*PROBLEM TO WORK ON*
Would you reproduce each of the records below precisely, with the pictures left out?

*ENTRIES SHOWN*

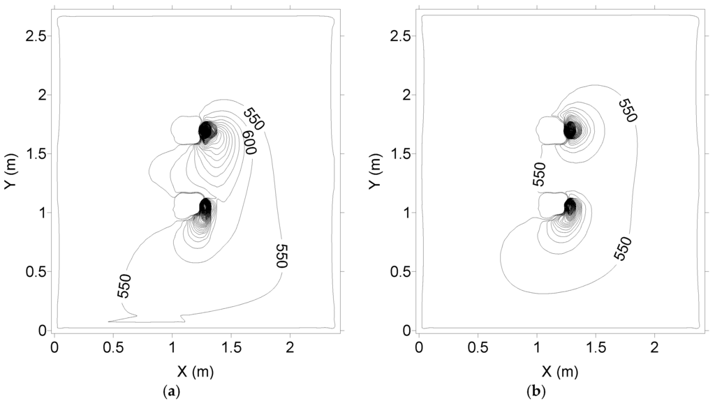 Finally, in order to evaluate the indoor air quality in the study presented in this work, the CO2 concentration, evaluated by the CFD numerical model, is used as an indicator of the indoor air quality. The CO2 concentration, used in this work, is released by the occupants. In this work, the recommendations of [25,26] are used. Some examples of the application of CO2 concentration can be seen, for example, in [27,28,29,30]. In [27], a study of CO2 dispersion in an auditorium is developed, and in [28], a work of indoor air quality in school buildings is presented; while in [29], the CO2 concentration in the airflow pattern in a residential building is used, and in [30], the CO2 concentration is used in the evaluation of the outdoor air ventilation rates.
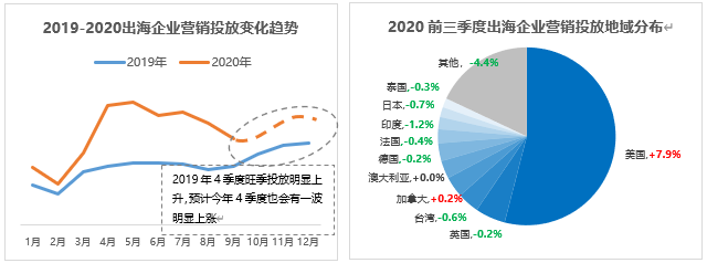 我们可以看到,尽管疫情对整个跨境电商物流环节造成了极大影响,但依然不能阻挡中国电商企业的出海热情,借着海外宅经济爆发的东风,将目光投向了更为成熟的美国市场。但我们也需要认识到,随着冬季来临,目前疫情随时有大规模二次爆发的可能,出海企业应时刻保持对各地封禁政策的关注;同时大量企业扎堆美国也将带来更大的竞争压力,美国市场本身已是存量市场,平台电商面临商品同质化、Amazon政策趋严等压力。新进入者可以发展独立站/开发特有品类,形成差异化竞争,或有利于更好的发展。此外,海外媒体政策日趋严格,出海企业在增加投放的同时要时刻注意合规红线,熟悉政策的同时有效利用媒体工具,提升营销投放效果。
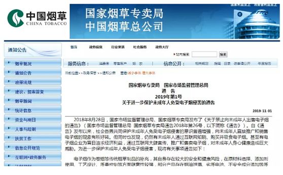 今年11月1日,國家煙草專賣局、國家市場監(jiān)督管理總局對外發(fā)布了一則禁令,要求不得向未成年人銷售電子煙,不得通過互聯(lián)網(wǎng)銷售電子煙,不得通過互聯(lián)網(wǎng)發(fā)布電子煙廣告。電子煙網(wǎng)絡(luò)禁令一發(fā)布,各大電商平臺和網(wǎng)絡(luò)店鋪紛紛開始下架電子煙,一時有關(guān)電子煙的各種消息在網(wǎng)上傳播開。
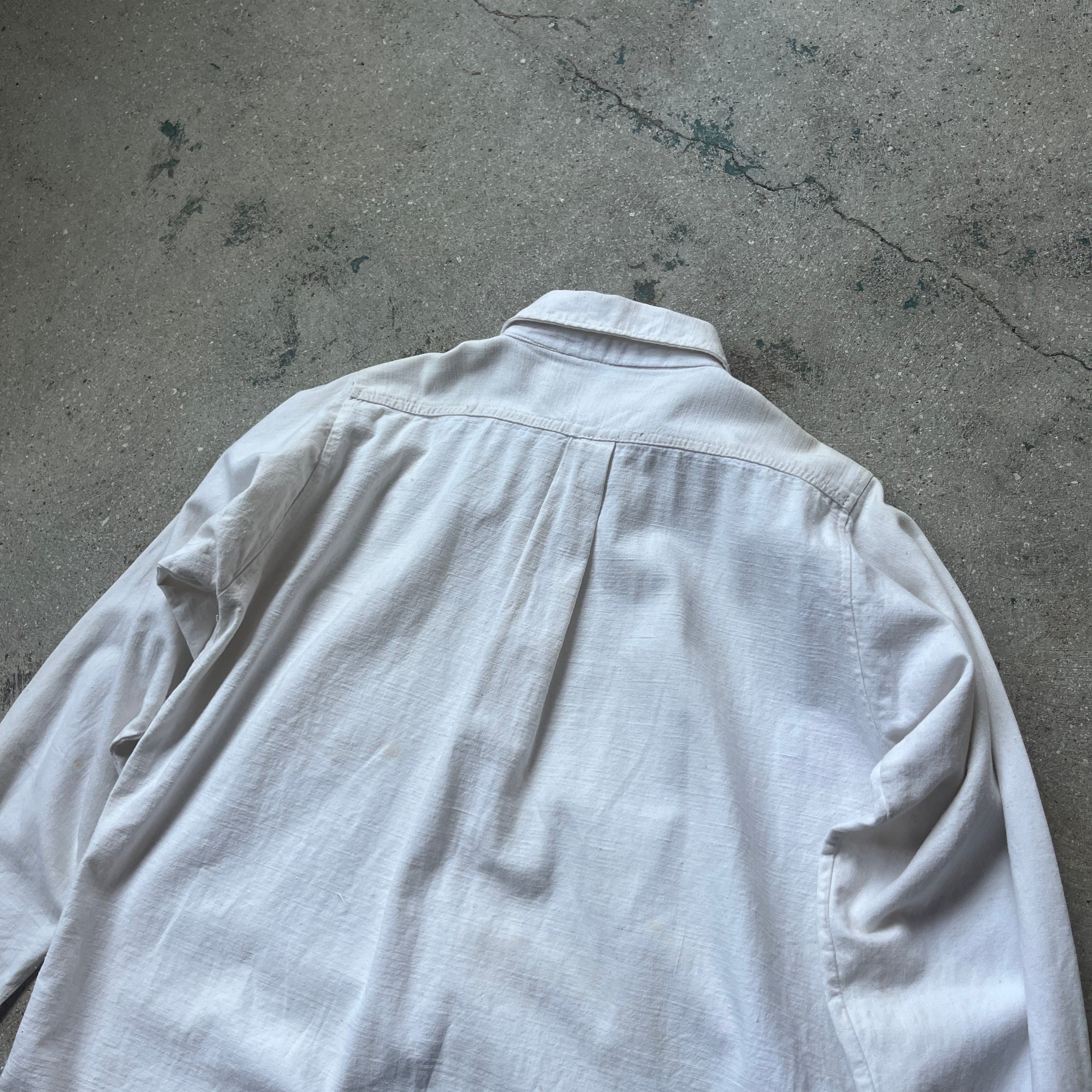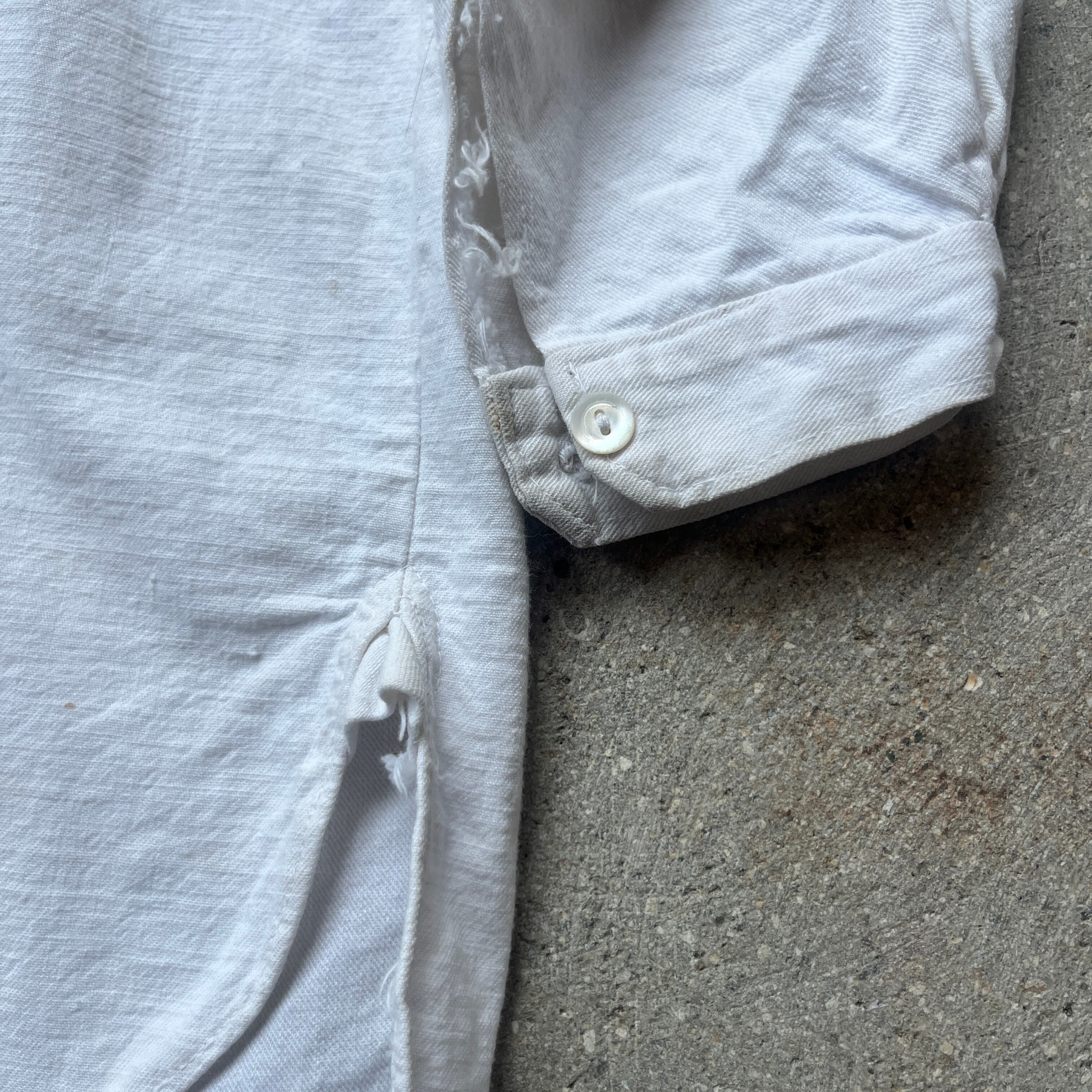 〜60s vintage cotton shirts white insideout boro shell botton / ヴィンテージ シャツ コットンシャツ シェルボタン インサイドアウト マチ付き
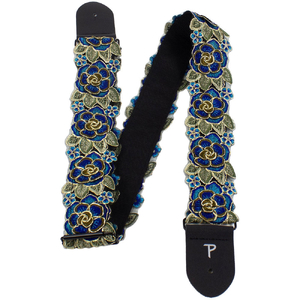 Perris 2" wide stitched 3D Lace Ribbon guitar strap in Blue & Gold Floral Design. This strap is adjustable in length from 39" to 58".

*ANSWER BELOW*
 Finally, in order to evaluate the indoor air quality in the study presented in this work, the CO2 concentration, evaluated by the CFD numerical model, is used as an indicator of the indoor air quality. The CO2 concentration, used in this work, is released by the occupants. In this work, the recommendations of [25,26] are used. Some examples of the application of CO2 concentration can be seen, for example, in [27,28,29,30]. In [27], a study of CO2 dispersion in an auditorium is developed, and in [28], a work of indoor air quality in school buildings is presented; while in [29], the CO2 concentration in the airflow pattern in a residential building is used, and in [30], the CO2 concentration is used in the evaluation of the outdoor air ventilation rates.
 我们可以看到,尽管疫情对整个跨境电商物流环节造成了极大影响,但依然不能阻挡中国电商企业的出海热情,借着海外宅经济爆发的东风,将目光投向了更为成熟的美国市场。但我们也需要认识到,随着冬季来临,目前疫情随时有大规模二次爆发的可能,出海企业应时刻保持对各地封禁政策的关注;同时大量企业扎堆美国也将带来更大的竞争压力,美国市场本身已是存量市场,平台电商面临商品同质化、Amazon政策趋严等压力。新进入者可以发展独立站/开发特有品类,形成差异化竞争,或有利于更好的发展。此外,海外媒体政策日趋严格,出海企业在增加投放的同时要时刻注意合规红线,熟悉政策的同时有效利用媒体工具,提升营销投放效果。
 今年11月1日,國家煙草專賣局、國家市場監(jiān)督管理總局對外發(fā)布了一則禁令,要求不得向未成年人銷售電子煙,不得通過互聯(lián)網(wǎng)銷售電子煙,不得通過互聯(lián)網(wǎng)發(fā)布電子煙廣告。電子煙網(wǎng)絡(luò)禁令一發(fā)布,各大電商平臺和網(wǎng)絡(luò)店鋪紛紛開始下架電子煙,一時有關(guān)電子煙的各種消息在網(wǎng)上傳播開。
 〜60s vintage cotton shirts white insideout boro shell botton / ヴィンテージ シャツ コットンシャツ シェルボタン インサイドアウト マチ付き
 Perris 2" wide stitched 3D Lace Ribbon guitar strap in Blue & Gold Floral Design. This strap is adjustable in length from 39" to 58".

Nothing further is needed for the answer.